Someone or something will be your King.
2 Chronicles 35 and 36 tell an interesting story. One king is replaced by another who is ruled by another, all foretold by the one and only true King, God Himself.
The story begins with Judah’s King Josiah going to war with Egypt’s King Neco without getting instructions from God, Israel’s true King. Why? He wanted to be his own king. This resulted in his death by Neco, who put Judah under tribute. This effectively made Neco king of Judah, who then made Jehoiakim “king” of Judah. Will Jehoiakim surrender and make God his king?

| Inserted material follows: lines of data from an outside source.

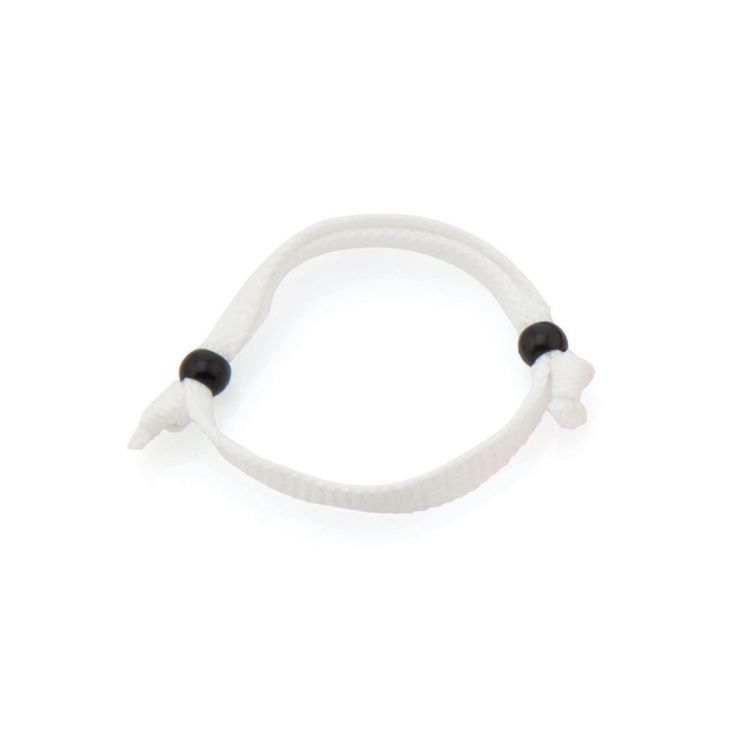 Verstellbares Polyester-Armband in einer Vielzahl von Farben. Mit geknoteten Enden und Einstellringen.
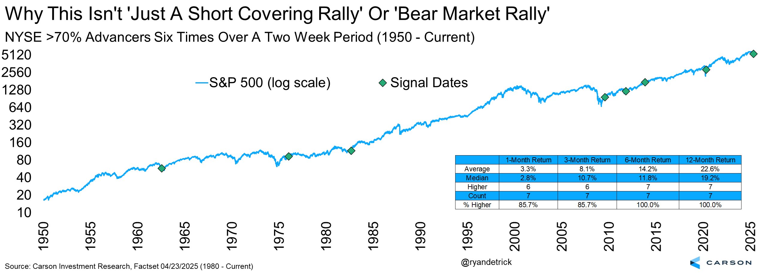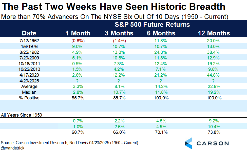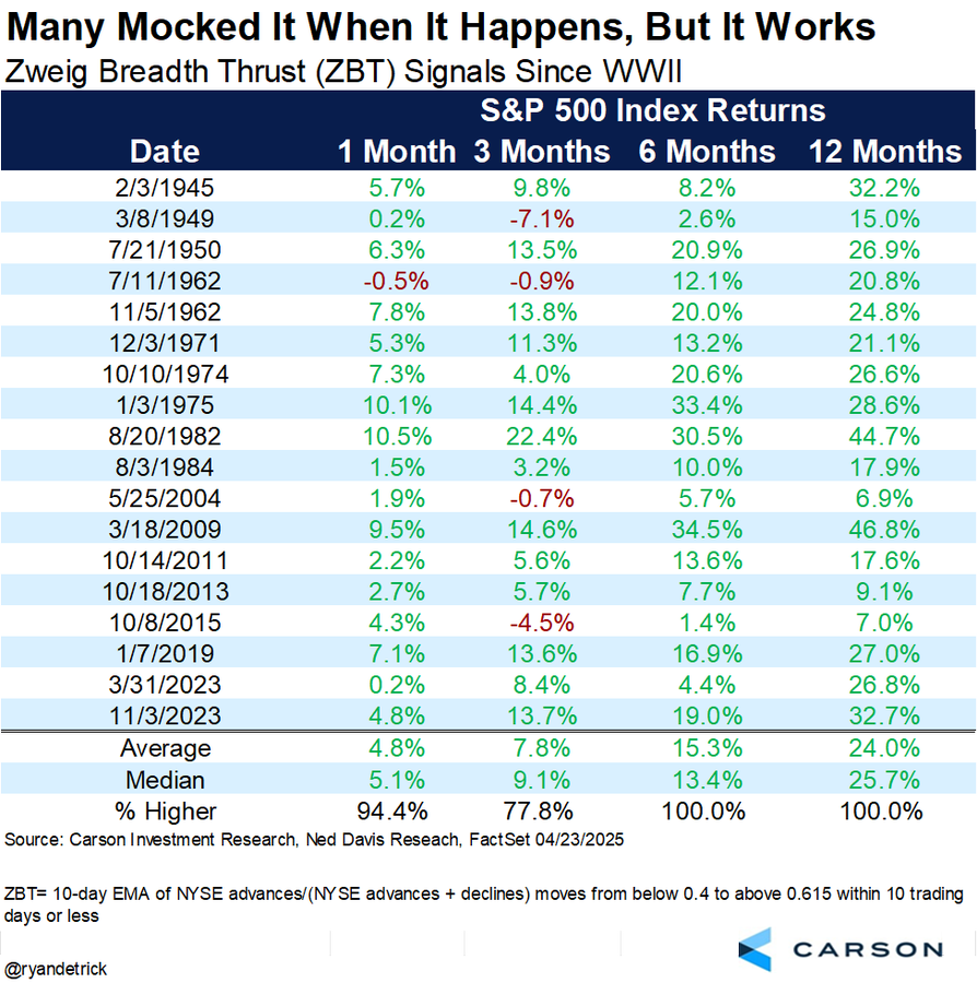A Zweig Breadth Thrust signaling the start of a new bull market happens when the 10-day moving average moves from below 40%, indicating an oversold market, to a level above 61.5% within any 10-day period. This is a rarely occurring event. Since World War II, it has happened only 18 times After a Zweig Breadth Thrust, the S&P 500 has NEVER been lower 6 or 12 months later.
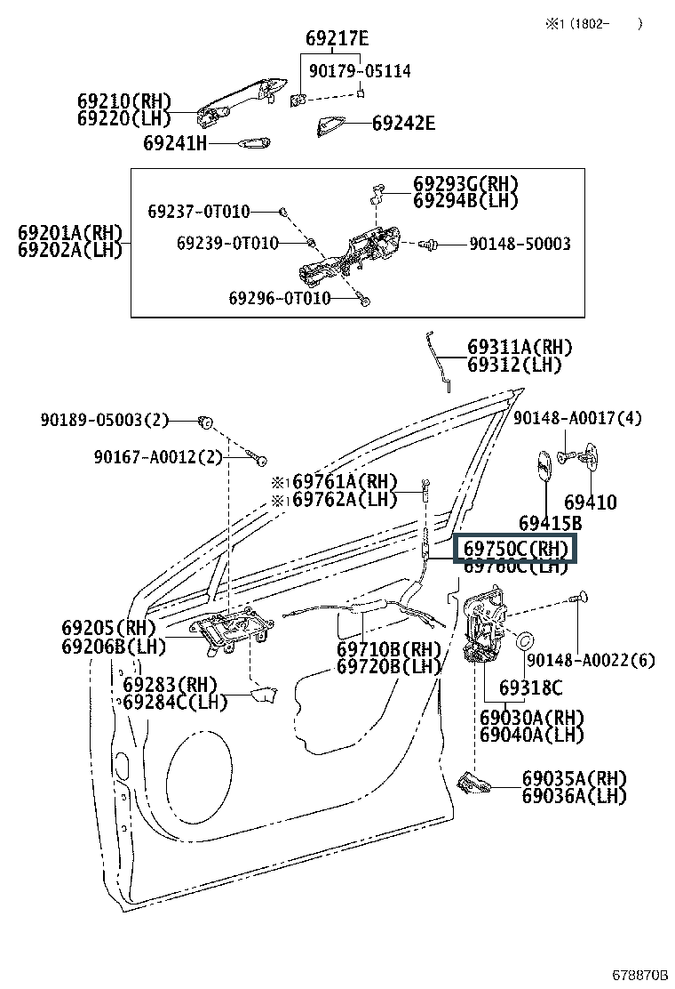 69750-48091, CABLE ASSY, FRONT DOOR INSIDE LOCKING LH
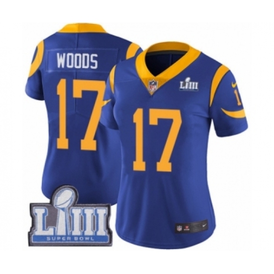 >Women's Nike Los Angeles Rams #17 Robert Woods Royal Blue Alternate Vapor Untouchable Limited Player Super Bowl LIII Bound NFL Jersey
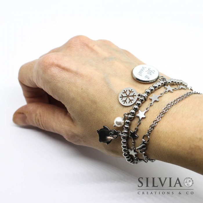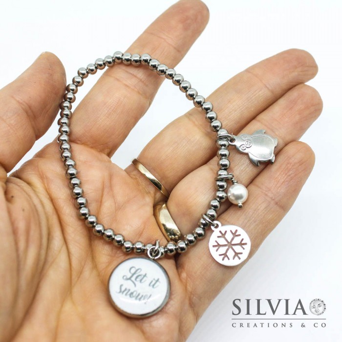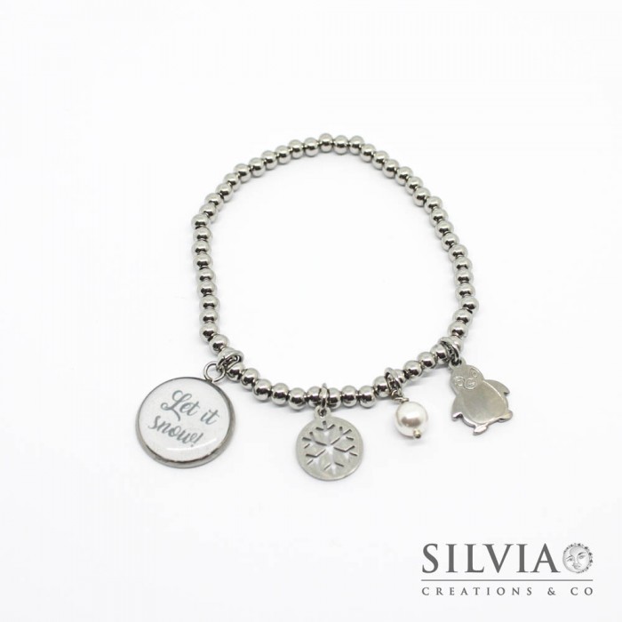 Bracciale elastico con perle acciaio pinguino e fiocco di neve

Nope. Nebuchadnezzar, king of Babylon, defeats Neco at the Battle of Carchemish (predicted in Jer. 46:1-12) who now becomes Judah’s king. Jehoiakim, like his dad, wants to be his own king and rebels against Nebuchadnezzar. This resulted in his being hauled off to Babylon by King Nebuchadnezzar, who also guts the temple and installs Jehoiachin as “king.”
“King” Jehoiachin eventually wants to be his own king so he also makes the decision to rebel against King Nebuchadnezzar with the same results: he takes more stuff from the Temple and installs Zedekiah as “king.” What does Zedekiah do? He repeats this losing cycle of trying to be his own king. This led to Nebuchadnezzar getting rid of all “kings” in Judah by destroying Jerusalem and the Temple.
God, Israel’s true King, sent message after message to the Israelites – make me King and all this losing ends. They refused to listen.
Someone or something will be king of your life. The question is, who or what will that be – God, yourself, or your drug of choice? You can stop the losing cycle and experience victory by stop trying to be your own king! Choose to listen to and follow Jesus, not yourself or your drug, to victory through Spirit empowered faith choices.

Fill ‘er Up!

To be full of Jesus means to know emptiness without Him.
We sing a song in our Sunday service that says “I want more of you, Jesus.” Well, we must first experience emptiness or we wouldn’t even know to make such a request.
And what does it take to experience emptiness? The Spirit to show us that we have bricks taking up valuable space in our lives. I grew up in the days before the latest water saving toilet technologies. We’d put bricks in the water tank in order to conserve water. This way the tank would be “full”, even though it wasn’t, in order to shut off the water.
We are just like that toilet bowl tank. We have bricks taking up space where water should be. As finite beings we can only hold so much water; and yet, our drugs of choice/our ways of living take up space making us feel full, when we’re not.
If you want more of Jesus, the living water, it will mean giving the Spirit permission to remove those bricks – your pet sins – so you can experience emptiness in order to start asking for more of Jesus, the only source of true living.
Remember, Jesus didn’t come to add Himself or new behaviors to us. In the tank illustration, it would lead to wasting water as it overflowed the bowl spilling onto the floor. No, Jesus came to replace us, those bricks, with Himself.
More of Jesus and less of you is a sign of a healthy Jesus disciple, one who loves and becomes like Jesus.